** Work item **
In the entries that follow, find the line containing "Метро в Казани" and the line containing "Πάπας Γρηγόριος ΙΓ' (1572-1585).", then retype exactly the lines from the first through the second, pictures excluded.

Stored entries
++++++++
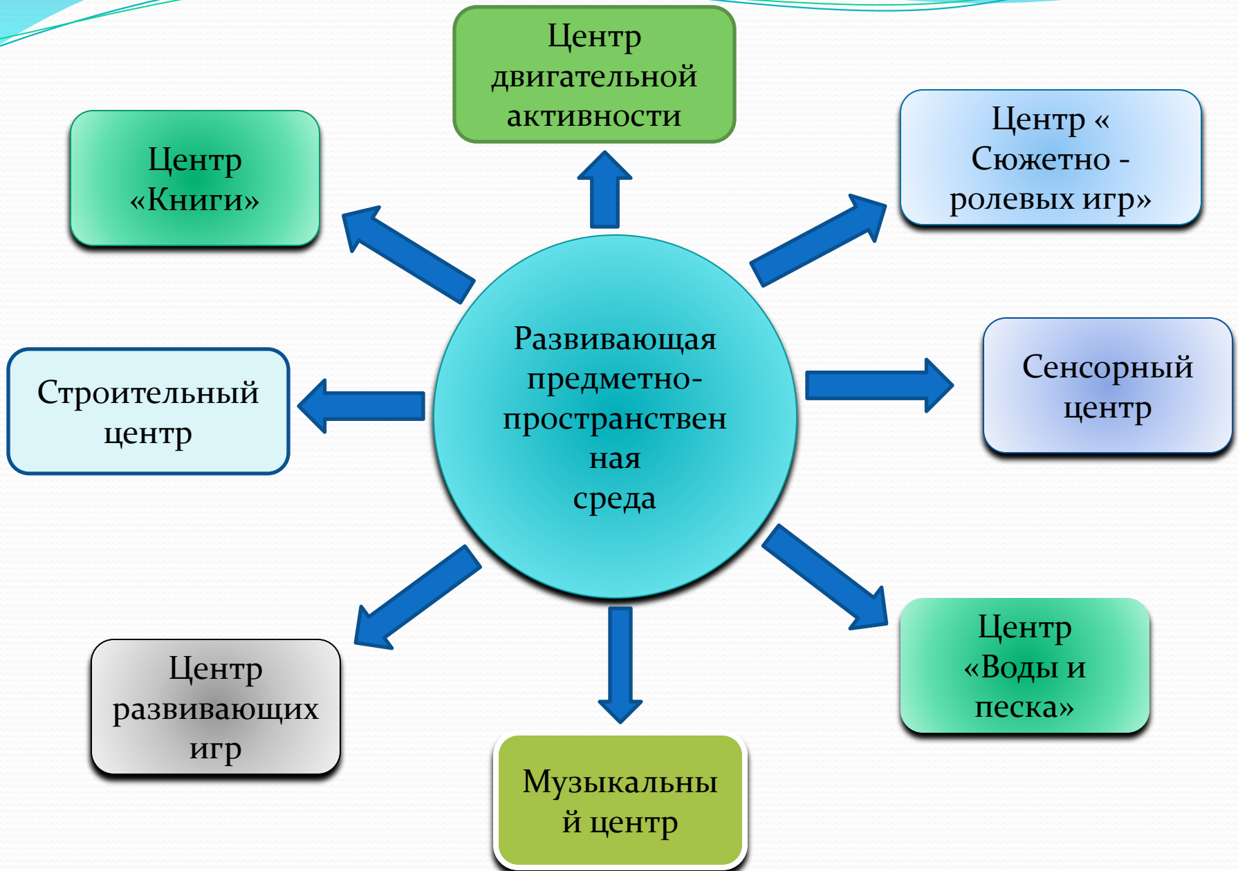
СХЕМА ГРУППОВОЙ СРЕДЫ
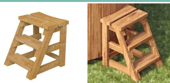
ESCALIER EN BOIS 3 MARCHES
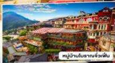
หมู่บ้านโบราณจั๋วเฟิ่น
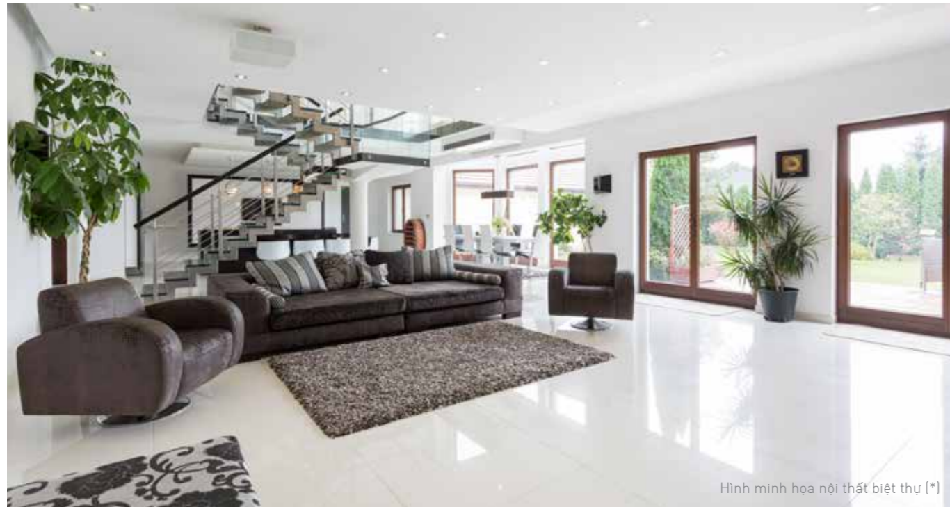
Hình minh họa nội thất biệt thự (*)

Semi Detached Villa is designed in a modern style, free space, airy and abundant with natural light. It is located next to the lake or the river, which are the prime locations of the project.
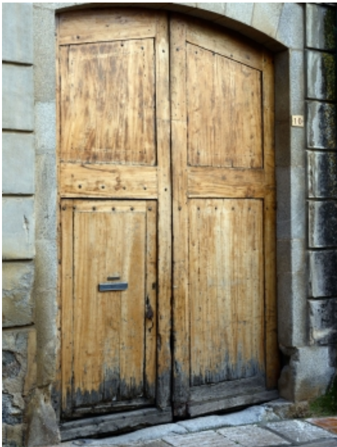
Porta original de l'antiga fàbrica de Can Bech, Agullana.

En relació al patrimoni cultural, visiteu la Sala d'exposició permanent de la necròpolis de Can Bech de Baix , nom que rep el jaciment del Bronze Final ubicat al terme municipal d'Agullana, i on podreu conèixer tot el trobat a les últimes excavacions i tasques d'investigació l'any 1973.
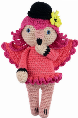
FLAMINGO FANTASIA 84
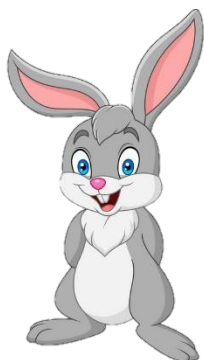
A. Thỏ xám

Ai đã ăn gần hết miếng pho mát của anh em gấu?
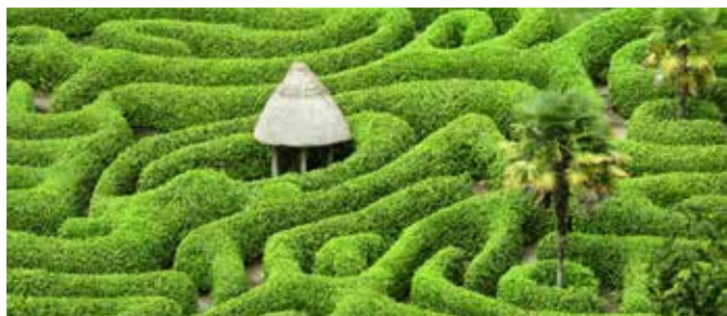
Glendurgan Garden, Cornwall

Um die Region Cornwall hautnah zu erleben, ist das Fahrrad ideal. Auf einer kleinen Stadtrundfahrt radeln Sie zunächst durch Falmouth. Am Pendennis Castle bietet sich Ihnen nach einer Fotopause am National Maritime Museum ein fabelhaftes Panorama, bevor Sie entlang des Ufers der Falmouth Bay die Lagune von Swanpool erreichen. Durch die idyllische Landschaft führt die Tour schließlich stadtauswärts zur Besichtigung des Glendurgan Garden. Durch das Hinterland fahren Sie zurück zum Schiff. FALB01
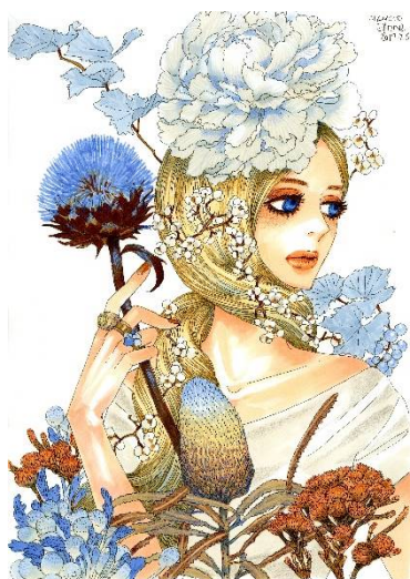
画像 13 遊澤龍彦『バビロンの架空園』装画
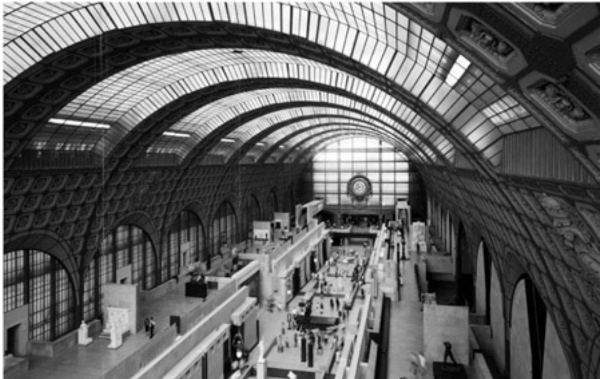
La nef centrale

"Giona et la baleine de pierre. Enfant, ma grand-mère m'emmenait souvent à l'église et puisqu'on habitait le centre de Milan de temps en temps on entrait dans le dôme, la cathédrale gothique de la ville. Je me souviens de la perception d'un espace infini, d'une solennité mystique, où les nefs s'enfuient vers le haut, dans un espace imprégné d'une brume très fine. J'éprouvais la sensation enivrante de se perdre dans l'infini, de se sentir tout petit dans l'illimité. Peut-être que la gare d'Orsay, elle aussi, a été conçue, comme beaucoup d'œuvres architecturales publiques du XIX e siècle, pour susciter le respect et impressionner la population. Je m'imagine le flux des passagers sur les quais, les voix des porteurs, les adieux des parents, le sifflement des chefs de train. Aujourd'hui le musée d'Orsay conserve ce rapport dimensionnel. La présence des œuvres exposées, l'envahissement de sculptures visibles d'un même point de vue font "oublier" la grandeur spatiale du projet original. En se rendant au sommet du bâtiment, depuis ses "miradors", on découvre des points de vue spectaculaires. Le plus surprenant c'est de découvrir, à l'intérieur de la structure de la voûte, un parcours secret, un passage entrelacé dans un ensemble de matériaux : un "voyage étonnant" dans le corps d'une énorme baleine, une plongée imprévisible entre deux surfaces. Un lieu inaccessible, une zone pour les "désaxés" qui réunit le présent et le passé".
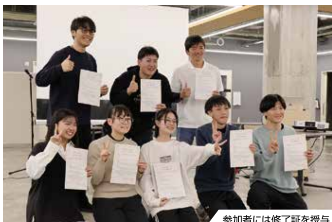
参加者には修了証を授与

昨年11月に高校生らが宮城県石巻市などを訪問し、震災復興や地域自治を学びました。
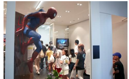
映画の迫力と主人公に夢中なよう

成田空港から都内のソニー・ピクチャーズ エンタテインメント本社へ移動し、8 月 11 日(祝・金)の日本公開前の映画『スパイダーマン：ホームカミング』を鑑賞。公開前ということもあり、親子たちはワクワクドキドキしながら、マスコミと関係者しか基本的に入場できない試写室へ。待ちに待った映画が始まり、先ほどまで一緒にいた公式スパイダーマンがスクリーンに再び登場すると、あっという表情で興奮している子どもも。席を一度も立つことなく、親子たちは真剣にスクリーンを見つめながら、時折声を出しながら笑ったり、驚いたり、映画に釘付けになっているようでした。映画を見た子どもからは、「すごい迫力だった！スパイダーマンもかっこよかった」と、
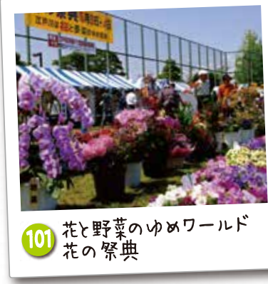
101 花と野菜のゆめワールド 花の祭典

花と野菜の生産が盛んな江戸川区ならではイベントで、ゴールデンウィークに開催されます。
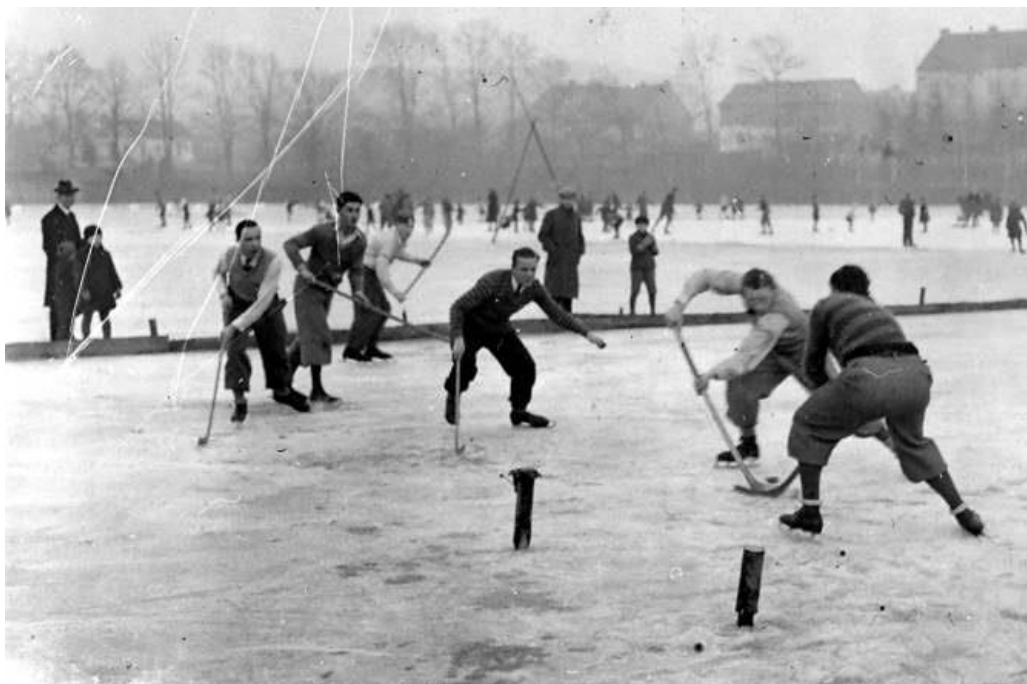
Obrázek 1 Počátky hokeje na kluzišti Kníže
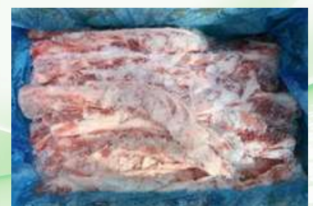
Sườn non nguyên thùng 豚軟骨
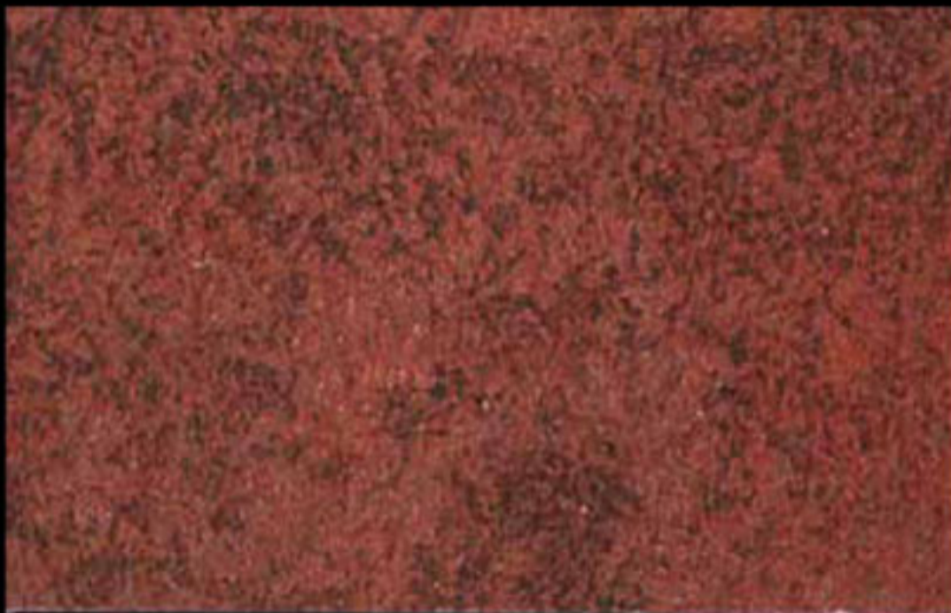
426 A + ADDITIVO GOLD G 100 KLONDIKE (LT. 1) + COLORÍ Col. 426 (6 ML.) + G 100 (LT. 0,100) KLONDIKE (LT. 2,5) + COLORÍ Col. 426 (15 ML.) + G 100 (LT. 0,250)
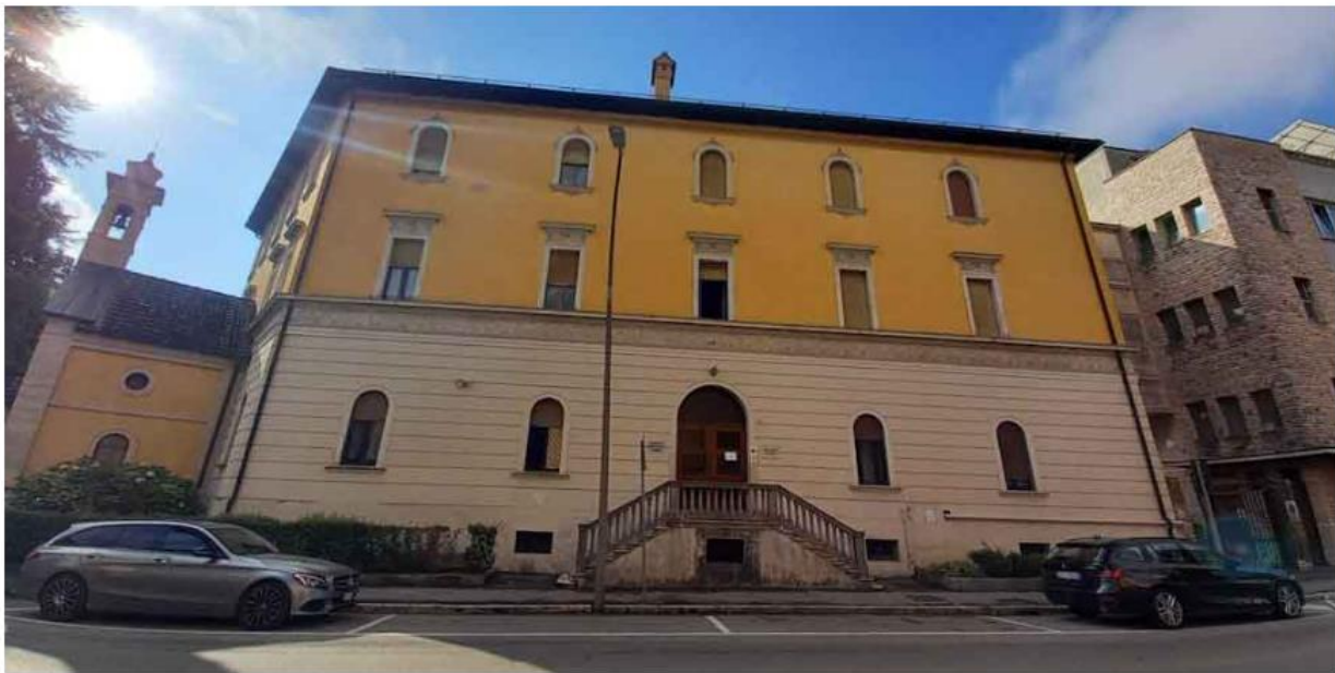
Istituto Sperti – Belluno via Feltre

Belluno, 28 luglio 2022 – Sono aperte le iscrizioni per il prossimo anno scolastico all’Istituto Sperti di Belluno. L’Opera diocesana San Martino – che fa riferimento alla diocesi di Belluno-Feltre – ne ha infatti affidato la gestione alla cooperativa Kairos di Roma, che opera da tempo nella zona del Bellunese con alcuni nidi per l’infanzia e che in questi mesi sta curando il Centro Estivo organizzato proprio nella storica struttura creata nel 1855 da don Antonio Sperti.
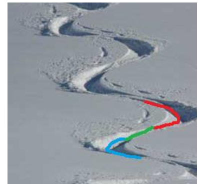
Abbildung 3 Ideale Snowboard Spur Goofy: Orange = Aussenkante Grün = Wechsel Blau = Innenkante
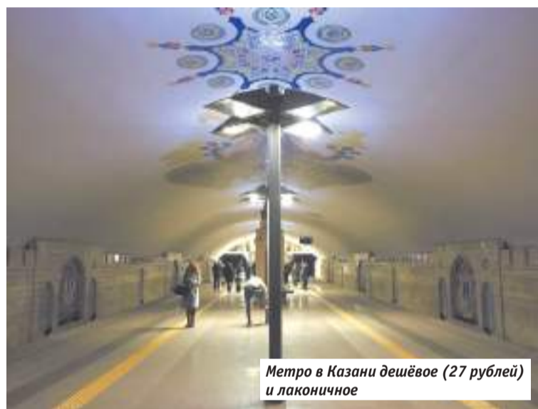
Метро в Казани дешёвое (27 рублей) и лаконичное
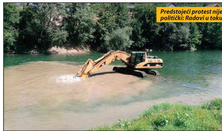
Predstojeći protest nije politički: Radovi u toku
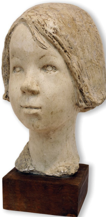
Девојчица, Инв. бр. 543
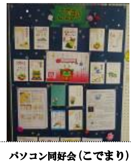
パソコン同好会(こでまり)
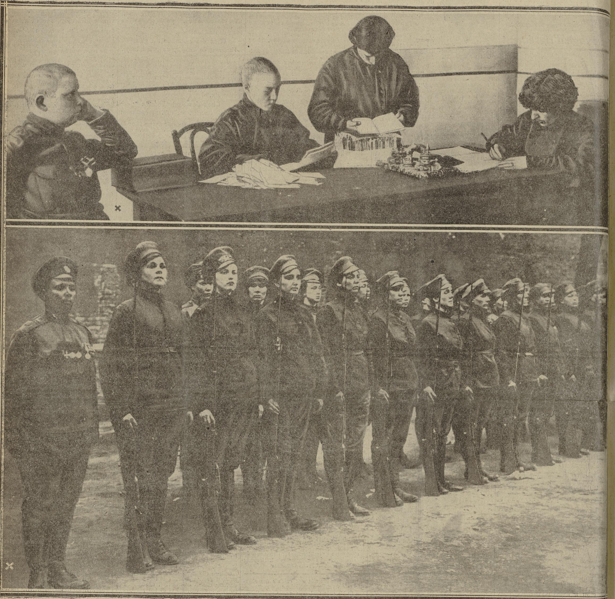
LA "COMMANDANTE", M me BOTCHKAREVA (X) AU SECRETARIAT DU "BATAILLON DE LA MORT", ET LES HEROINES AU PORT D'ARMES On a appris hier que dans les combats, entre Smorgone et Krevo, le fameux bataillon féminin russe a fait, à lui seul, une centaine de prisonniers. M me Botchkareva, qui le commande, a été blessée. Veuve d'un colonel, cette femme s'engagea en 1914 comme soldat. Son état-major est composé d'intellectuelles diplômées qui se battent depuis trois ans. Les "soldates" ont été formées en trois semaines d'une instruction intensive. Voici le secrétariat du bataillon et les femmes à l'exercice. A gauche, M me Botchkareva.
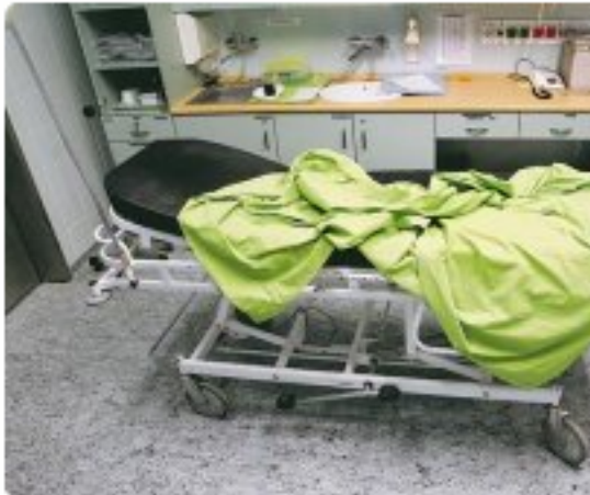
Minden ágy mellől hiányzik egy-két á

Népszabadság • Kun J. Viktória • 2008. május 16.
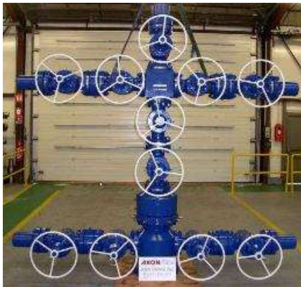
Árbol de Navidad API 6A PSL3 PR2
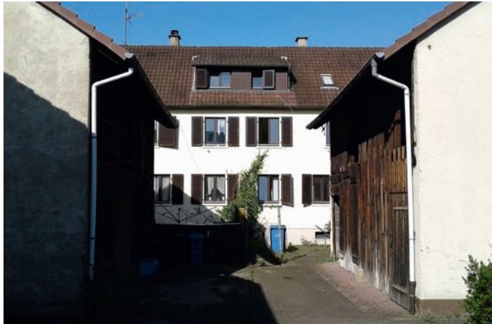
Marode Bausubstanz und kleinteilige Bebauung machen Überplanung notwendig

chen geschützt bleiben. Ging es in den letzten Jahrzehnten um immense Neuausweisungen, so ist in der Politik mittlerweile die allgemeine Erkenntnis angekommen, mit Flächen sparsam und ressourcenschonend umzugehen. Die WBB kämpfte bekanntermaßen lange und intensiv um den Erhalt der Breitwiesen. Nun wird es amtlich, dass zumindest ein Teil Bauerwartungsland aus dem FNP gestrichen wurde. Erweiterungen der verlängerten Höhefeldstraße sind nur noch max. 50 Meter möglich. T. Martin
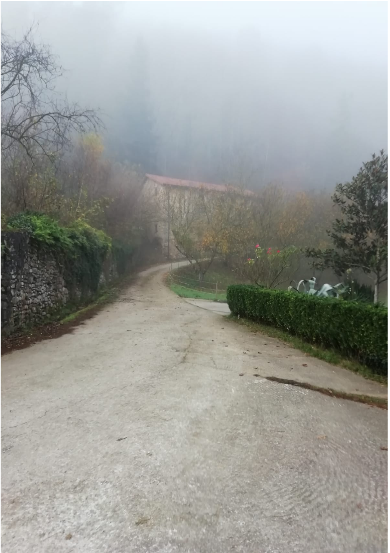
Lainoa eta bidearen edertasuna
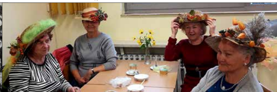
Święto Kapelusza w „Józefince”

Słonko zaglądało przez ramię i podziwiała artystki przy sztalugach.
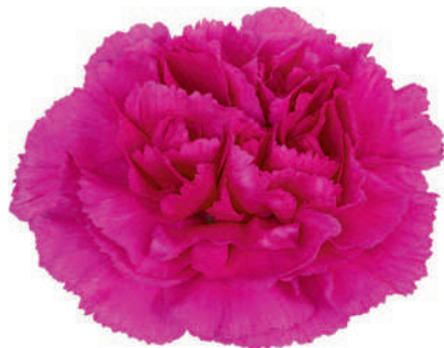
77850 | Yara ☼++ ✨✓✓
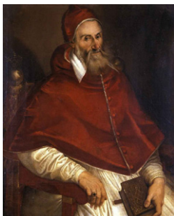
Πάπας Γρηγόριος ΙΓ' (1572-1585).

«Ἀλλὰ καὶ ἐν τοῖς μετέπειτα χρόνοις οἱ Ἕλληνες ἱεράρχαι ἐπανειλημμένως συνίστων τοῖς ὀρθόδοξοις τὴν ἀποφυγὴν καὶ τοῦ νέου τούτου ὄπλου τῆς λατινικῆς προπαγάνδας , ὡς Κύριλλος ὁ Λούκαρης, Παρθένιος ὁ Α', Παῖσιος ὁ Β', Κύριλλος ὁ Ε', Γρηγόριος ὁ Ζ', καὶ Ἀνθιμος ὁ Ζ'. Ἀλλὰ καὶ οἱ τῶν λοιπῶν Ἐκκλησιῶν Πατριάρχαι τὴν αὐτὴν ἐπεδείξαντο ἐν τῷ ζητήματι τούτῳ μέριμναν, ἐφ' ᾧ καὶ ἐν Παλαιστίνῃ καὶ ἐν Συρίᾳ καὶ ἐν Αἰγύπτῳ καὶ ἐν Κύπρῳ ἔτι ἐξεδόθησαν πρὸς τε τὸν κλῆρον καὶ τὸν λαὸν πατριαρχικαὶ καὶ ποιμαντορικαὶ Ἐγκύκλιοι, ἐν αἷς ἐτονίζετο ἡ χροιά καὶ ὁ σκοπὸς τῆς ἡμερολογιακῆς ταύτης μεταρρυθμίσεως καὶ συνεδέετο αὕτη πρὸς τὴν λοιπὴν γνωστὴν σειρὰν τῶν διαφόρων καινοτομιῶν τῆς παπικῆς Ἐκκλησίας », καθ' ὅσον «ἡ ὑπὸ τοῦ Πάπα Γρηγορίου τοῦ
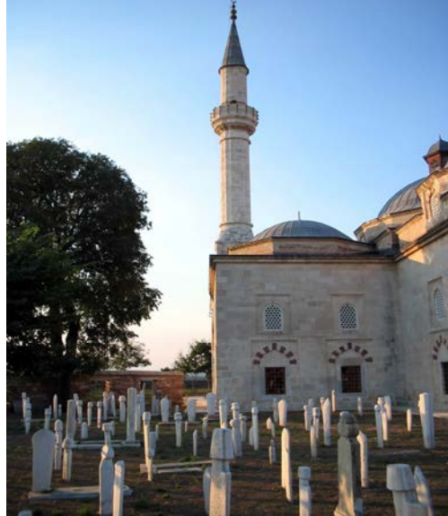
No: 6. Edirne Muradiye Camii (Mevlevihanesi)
++++++++
** Problem solution **
Метро в Казани дешёвое (27 рублей) и лаконичное
Predstojeći protest nije politički: Radovi u toku
Девојчица, Инв. бр. 543
パソコン同好会(こでまり)
LA "COMMANDANTE", M me BOTCHKAREVA (X) AU SECRETARIAT DU "BATAILLON DE LA MORT", ET LES HEROINES AU PORT D'ARMES On a appris hier que dans les combats, entre Smorgone et Krevo, le fameux bataillon féminin russe a fait, à lui seul, une centaine de prisonniers. M me Botchkareva, qui le commande, a été blessée. Veuve d'un colonel, cette femme s'engagea en 1914 comme soldat. Son état-major est composé d'intellectuelles diplômées qui se battent depuis trois ans. Les "soldates" ont été formées en trois semaines d'une instruction intensive. Voici le secrétariat du bataillon et les femmes à l'exercice. A gauche, M me Botchkareva.
Minden ágy mellől hiányzik egy-két á

Népszabadság • Kun J. Viktória • 2008. május 16.
Árbol de Navidad API 6A PSL3 PR2
Marode Bausubstanz und kleinteilige Bebauung machen Überplanung notwendig

chen geschützt bleiben. Ging es in den letzten Jahrzehnten um immense Neuausweisungen, so ist in der Politik mittlerweile die allgemeine Erkenntnis angekommen, mit Flächen sparsam und ressourcenschonend umzugehen. Die WBB kämpfte bekanntermaßen lange und intensiv um den Erhalt der Breitwiesen. Nun wird es amtlich, dass zumindest ein Teil Bauerwartungsland aus dem FNP gestrichen wurde. Erweiterungen der verlängerten Höhefeldstraße sind nur noch max. 50 Meter möglich. T. Martin
Lainoa eta bidearen edertasuna
Święto Kapelusza w „Józefince”

Słonko zaglądało przez ramię i podziwiała artystki przy sztalugach.
77850 | Yara ☼++ ✨✓✓
Πάπας Γρηγόριος ΙΓ' (1572-1585).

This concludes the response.